━━ Given material

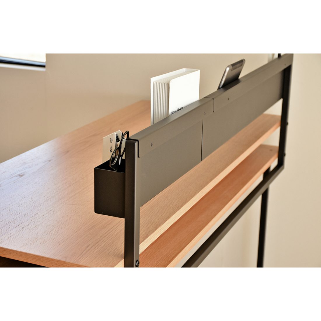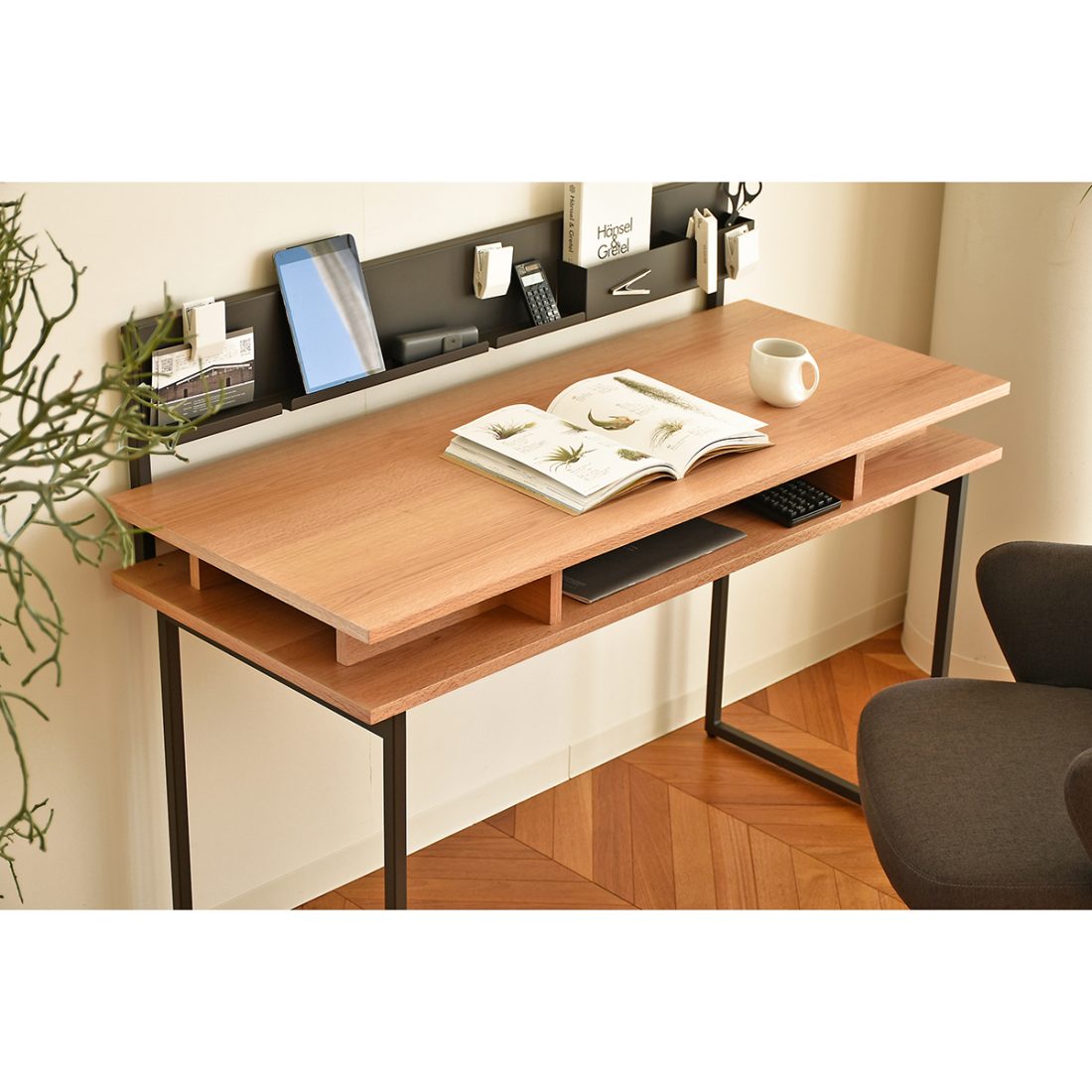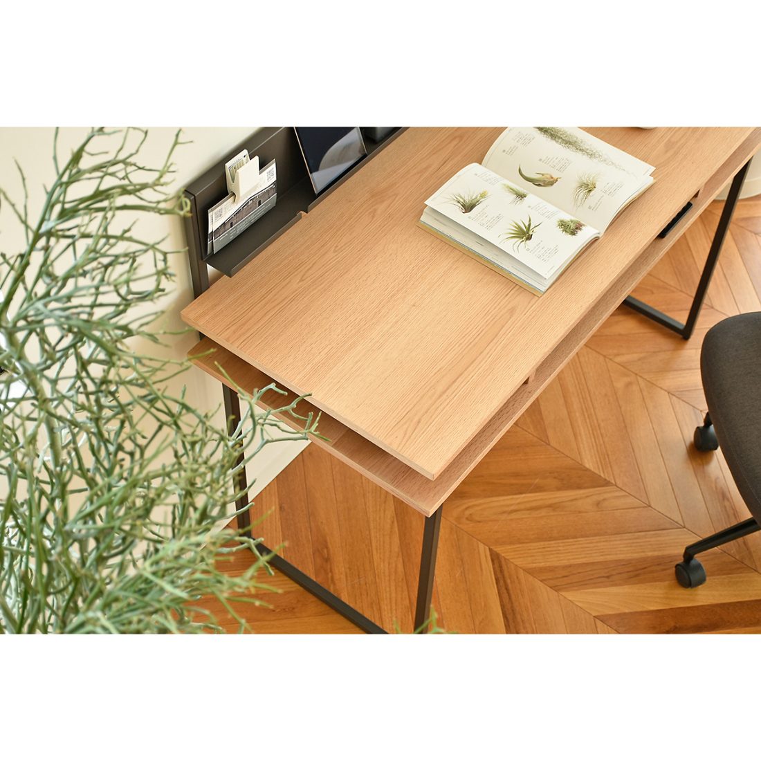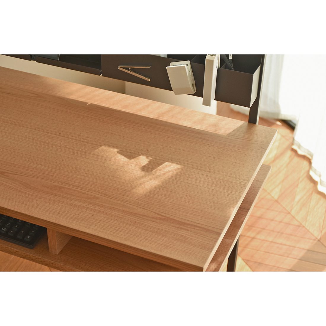 すっきりとした脚部と落ち着いた木目の天板でまとめたワークデスク。奥行を抑えたサイズ感で、リビング学習やテレワークにも取り入れやすい一台です。
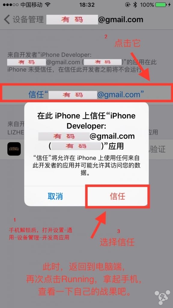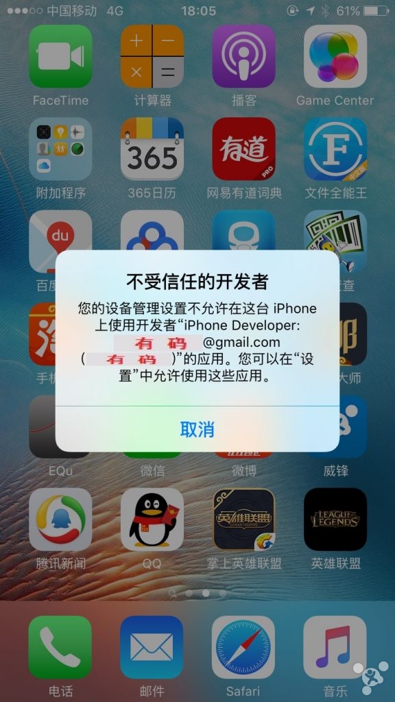 III. 将此XXXX.ipa文件用其它的第三方软件安装在手机里就可以了。当然,安装完毕打开的话会提示需要信任它,那么只要添加信任就OK了。
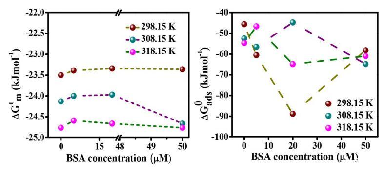 圖3. 在不同溫度下,DG0 m和DG0 ads隨BSA濃度的變化。
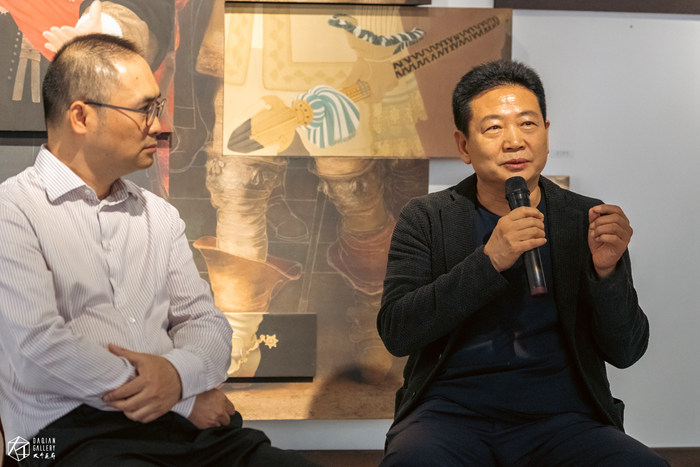 美術學博士、中國美術館研究館員魏祥奇作為本次展覽策展人在開幕式上對到場師友表示感謝并分享策展理念:“展覽主題‘見賢思齊’,有兩層含義,一是以張見為代表的新工筆藝術家致力于融入新觀念和新經驗,建構當代中國畫藝術創作的新形態、新境界,致力于復興中國畫學精神中博雅精妙的民族文化氣象;二是工作室的青年藝術家們在創作上求真、求新、求變,努力向著老師和老師設定的畫學理想和方向不斷邁進。今日開幕式前,張子康老師和張見老師就‘新工筆的言辭’展開的學術對話,也將本次展覽從展廳空間的觀看引入理論和歷史層面的觀看。

━━━━

Repeat the listing above word for word. Do not include the pictures.

## Answer for the task
 すっきりとした脚部と落ち着いた木目の天板でまとめたワークデスク。奥行を抑えたサイズ感で、リビング学習やテレワークにも取り入れやすい一台です。
 III. 将此XXXX.ipa文件用其它的第三方软件安装在手机里就可以了。当然,安装完毕打开的话会提示需要信任它,那么只要添加信任就OK了。
 圖3. 在不同溫度下,DG0 m和DG0 ads隨BSA濃度的變化。
 美術學博士、中國美術館研究館員魏祥奇作為本次展覽策展人在開幕式上對到場師友表示感謝并分享策展理念:“展覽主題‘見賢思齊’,有兩層含義,一是以張見為代表的新工筆藝術家致力于融入新觀念和新經驗,建構當代中國畫藝術創作的新形態、新境界,致力于復興中國畫學精神中博雅精妙的民族文化氣象;二是工作室的青年藝術家們在創作上求真、求新、求變,努力向著老師和老師設定的畫學理想和方向不斷邁進。今日開幕式前,張子康老師和張見老師就‘新工筆的言辭’展開的學術對話,也將本次展覽從展廳空間的觀看引入理論和歷史層面的觀看。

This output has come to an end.